If you can post the specific data and queries you are using, that is probably the only way we can help answer the question in the context of your specific case. You can use a script that generates anonymous data in roughly the same scale as your real example.
However, I went ahead and created a similar type of script myself. For the sake of simplicity, I am using fewer than 225 columns. But I am using the same number of rows and random data (which is unfavorable for columnstore) and I saw results that are much different than yours. So my initial thought is that yes, you do have some sort of problem with either your configuration or your test queries.
A few of the key takeaways:
- Columnstore has dramatically faster performance than rowstore for simple aggregations across all rows in a column
- If loaded carefully, columnstore can perform surprisingly well for singleton seeks. There is an I/O hit, but with a warm cache performance was very good. But not as good as rowstore for this use case, of course.
- If you need to be able to perform both singleton seeks and large aggregation queries, you might consider using a non-clustered columnstore index on top of a standard b-tree table.
- You mention that you have 225 columns, but an average row is just 181 bytes. This seems a little unusual; is your table mostly
BIT
columns? That might be something to look into further. I did see very good compression ratios on a simple BIT
column columnstore (over 99%), but it may be the case that much of that is due to the absence of row overhead and this advantage would disappear with many BIT
columns on a single row.
- If you want to learn (a lot) more about columnstore, Niko's 66-part (and counting) blog series has been the most valuable reference that I've come across.
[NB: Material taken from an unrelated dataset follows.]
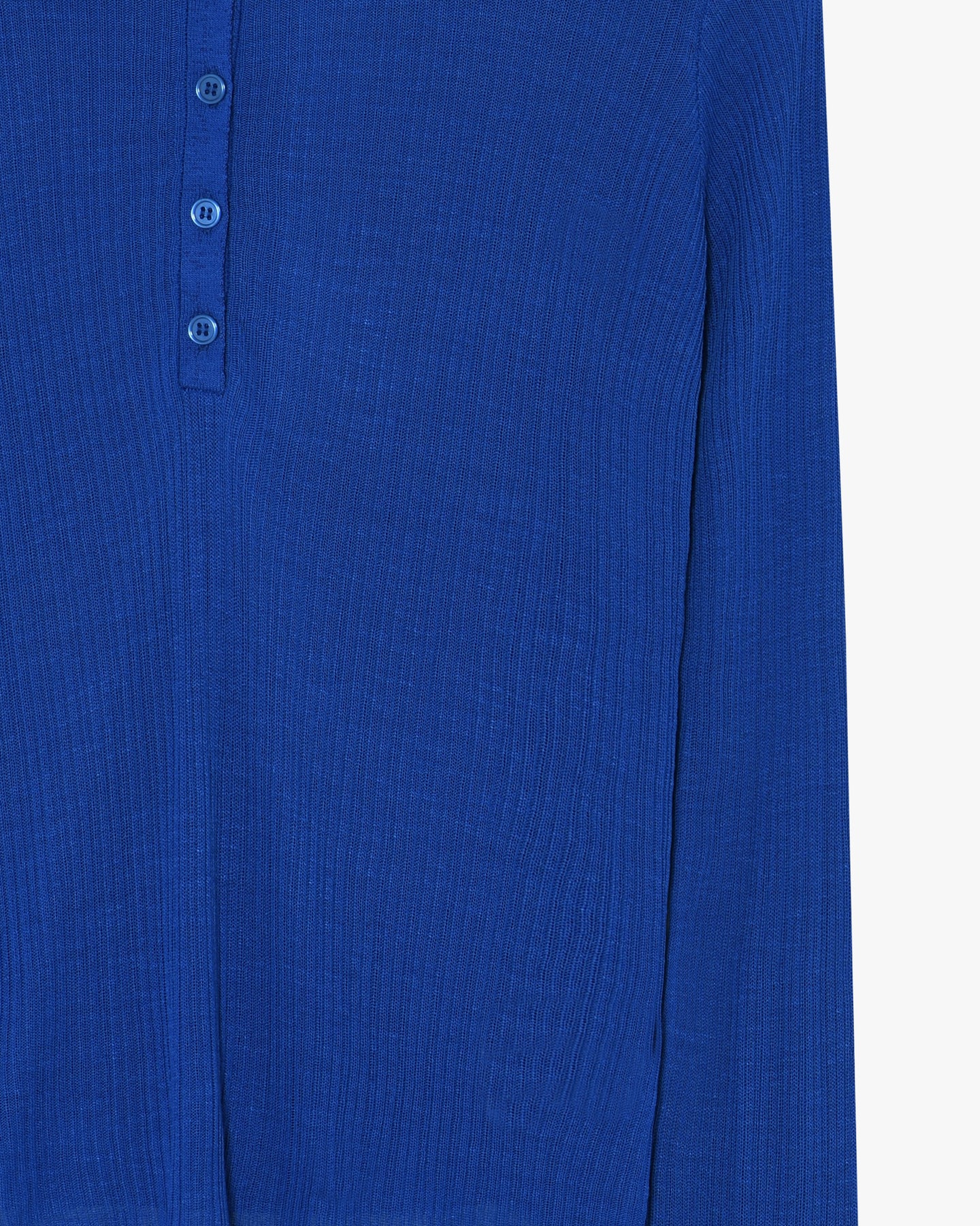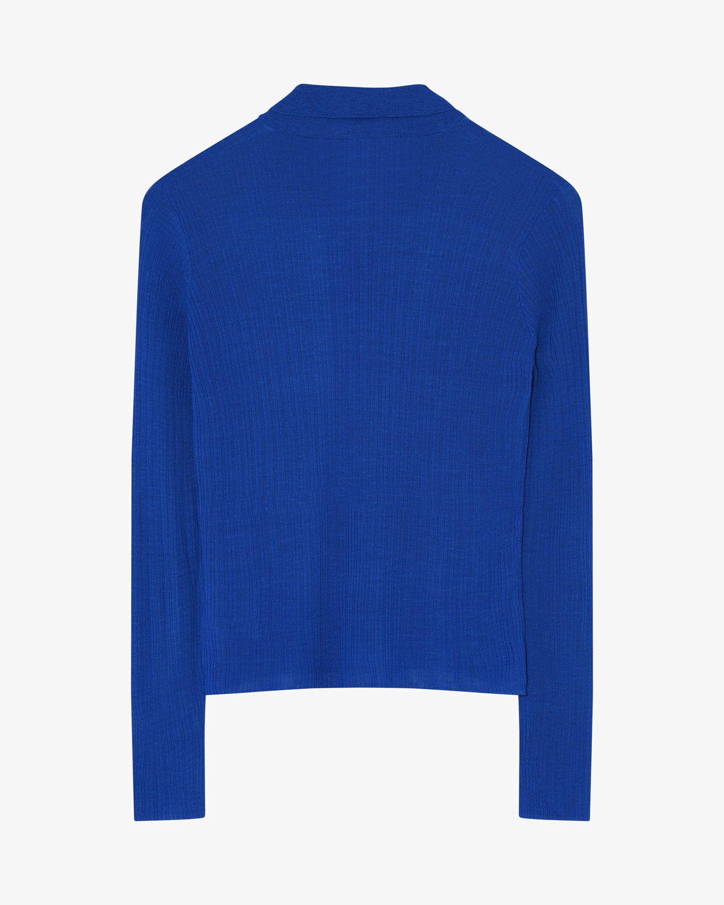 Le polo Gro est un tricot bleu léger à la texture douce et à la coupe ajustée. Assez près du corps, il présente un col classique et une patte de boutonnage à quatre petits boutons. Facile à superposer ou à porter seul, il allie confort, élégance et simplicité.
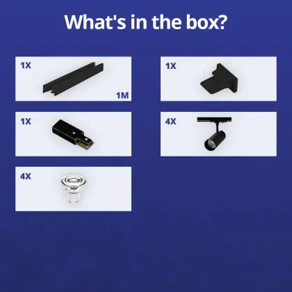 Descrizione Set completo 1-Fase Rail 1 Metro Nero | incl. 4x Faretti + GU10 2700K 3W Dimmerabile + Tappo Di Chiusura, Connettore di Alimentazione

And now on to the details:
Create rowstore data set
Nothing too exciting here; we create 40MM rows of pseudo-random data.
SELECT @@VERSION
--Microsoft SQL Server 2014 - 12.0.4213.0 (X64)
-- Jun 9 2015 12:06:16
-- Copyright (c) Microsoft Corporation
-- Developer Edition (64-bit) on Windows NT 6.1 <X64> (Build 7601: Service Pack 1)
GO
-- Create a rowstore table with 40MM rows of pseudorandom data
;WITH E1(N) AS (
SELECT 1 UNION ALL SELECT 1 UNION ALL SELECT 1 UNION ALL SELECT 1 UNION ALL SELECT 1
UNION ALL SELECT 1 UNION ALL SELECT 1 UNION ALL SELECT 1 UNION ALL SELECT 1 UNION ALL SELECT 1
)
, E2(N) AS (SELECT 1 FROM E1 a CROSS JOIN E1 b)
, E4(N) AS (SELECT 1 FROM E2 a CROSS JOIN E2 b)
, E8(N) AS (SELECT 1 FROM E4 a CROSS JOIN E4 b)
SELECT TOP 40000000 ISNULL(ROW_NUMBER() OVER (ORDER BY (SELECT NULL)), 0) AS id
, ISNULL((ABS(CAST(CAST(NEWID() AS VARBINARY) AS INT)) % 5) + 1, 0) AS col1
, ISNULL(ABS(CAST(CAST(NEWID() AS VARBINARY) AS INT)) * RAND(), 0) AS col2
, ISNULL(ABS(CAST(CAST(NEWID() AS VARBINARY) AS INT)) * RAND(), 0) AS col3
, ISNULL(ABS(CAST(CAST(NEWID() AS VARBINARY) AS INT)) * RAND(), 0) AS col4
, ISNULL(ABS(CAST(CAST(NEWID() AS VARBINARY) AS INT)) * RAND(), 0) AS col5
INTO dbo.test_row
FROM E8
GO
ALTER TABLE test_row
ADD CONSTRAINT PK_test_row PRIMARY KEY (id)
GO
Create columnstore data set
Let's create the same data set as a CLUSTERED COLUMNSTORE
, using the techniques described to load data for better segment elimination on Niko's blog.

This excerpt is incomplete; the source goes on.